Comment expliquer à un charpentier ou à un menuisier français qu’il est le seul en Europe à ne plus pouvoir acquérir légalement de nouvelle machine parce que les exigences françaises concernant les expositions aux poussières de bois ne sont respectées par aucun des fabriquants qui préfèrent produire en fonction des règles européennes moins contraignantes [3] ?

Comment faire comprendre au petit chef d’entreprise que ses homologues européens sont exonérés d’une obligation de publication de leurs comptes, alors que la loi française vient la lui imposer [4] ?

Aujourd’hui la priorité en Europe doit aller à la détransposition et retransposition de toutes les directives européennes qui sont surappliquées par le droit français. Les Républicains avaient demandé pendant la campagne présidentielle la mise en place d’un ministère de la transposition afin que les lois implémentées en France soient les plus fidèles à l’esprit du texte dont elles proviennent. Il n’est pas acceptable que la filière de la plaisance quitte massivement la Côte d’Azur car un décret français sur-interprétant le droit européen impose aux équipages passant plus de 90 jours en France de cotiser à la Sécurité sociale des marins. Nos voisins l’ont bien compris et profitent de notre acharnement administratif.

L’objectif d’identification des surtranspositions n’est pas hors de porté. Le Royaume-Uni et l’Allemagne ont justement employé d’importants moyens de lutte contre ces surapplications qui ne servent ni notre pays, ni l’image de l’Europe : interdiction de la surtransposition pour les futures normes, sauf lorsqu’elle est favorable aux entreprises nationales, exigence d’une transposition mot pour mot des directives européennes, clause de révision quinquénale de toute transposition…

Les pistes sont multiples et la France doit urgemment engager ce chantier indispensable pour l’avenir de nos entreprises, nos agriculteurs, nos producteurs, nos artisans.
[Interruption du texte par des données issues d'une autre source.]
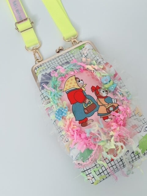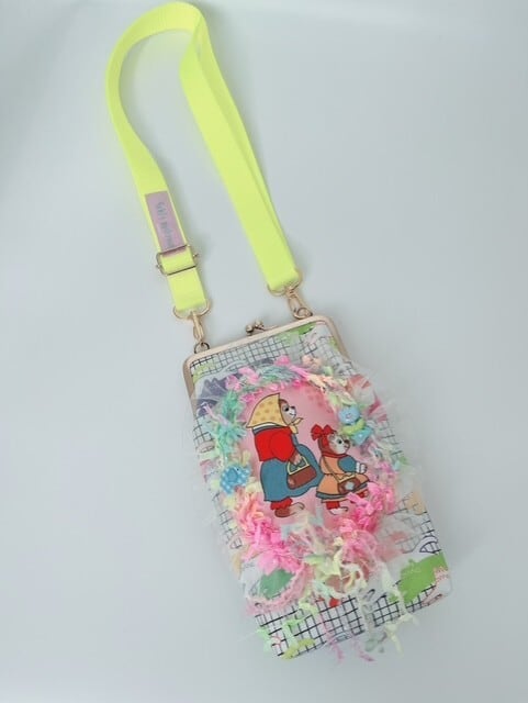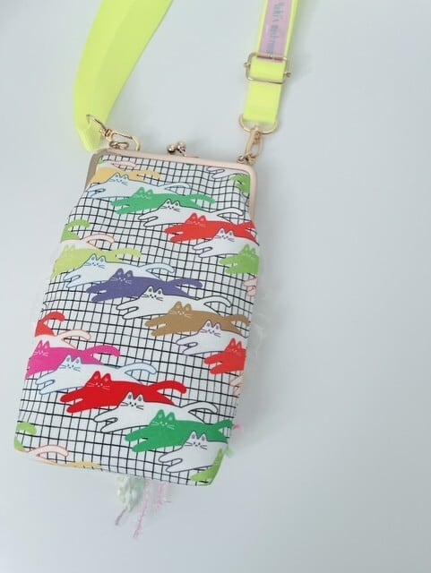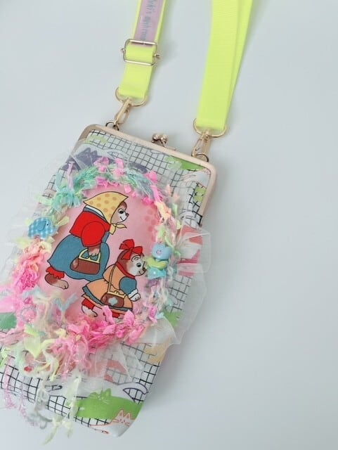 コラージュがま口縦長ポシェット☆スマホケース☆動物の親子

Evidemment, je suis favorable au retour du débat sur l’Europe, à plus de propositions de réformes de l’Europe mais avant de vouloir faire le ménage chez les autres, commençons par le faire chez nous !

 


 

[1] Directive 2010/31/UE du 19 mai 2010

[2] L’article R 4324-63 du Code du travail français interdit purement et simplement l’utilisation d’un escabeau ou d’une échelle pour la cueillete des fruits. Alors que la directive européenne d’octpbre 2013 limite cette interdiction aux mineurs mais l’autorise pour les professionnels majeurs.
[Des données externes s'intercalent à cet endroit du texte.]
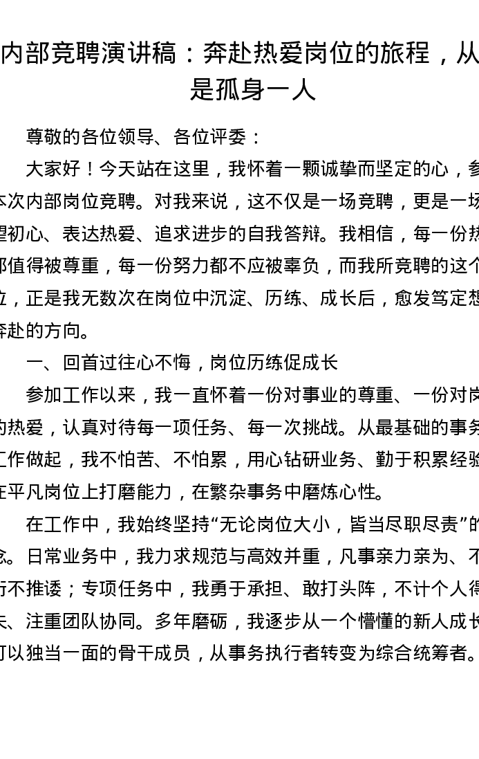 内部竞聘演讲稿:奔赴热爱岗位的旅程,从不是孤身一人

[3] Directive européenne 1999/38/CE qui fixe à 5mg/m3 la limite d’exposition aux poussières de bois, contre 1mg/m3 dans le Code du travail français.

[4] Directive 2013/34/UE du 26 juin 2013 qui exonère toutes les petites entreprises de l’obligation de publication de leurs comptes lorsque leur chiffre d’affaires est inférieur à 12 millions d’euros et 6 millions d’euros de bilan. La loi française (2015-990 du 6 août 2015) vient considérablement abaisser ce plafonds à 8,8 millions d’euros de chiffre d’affaires

Nous allons reconstruire une Droite claire, sereine et déterminée

Chers Amis,

Laurent Wauquiez était cette semaine l’invité de LCI et de Radio Classique.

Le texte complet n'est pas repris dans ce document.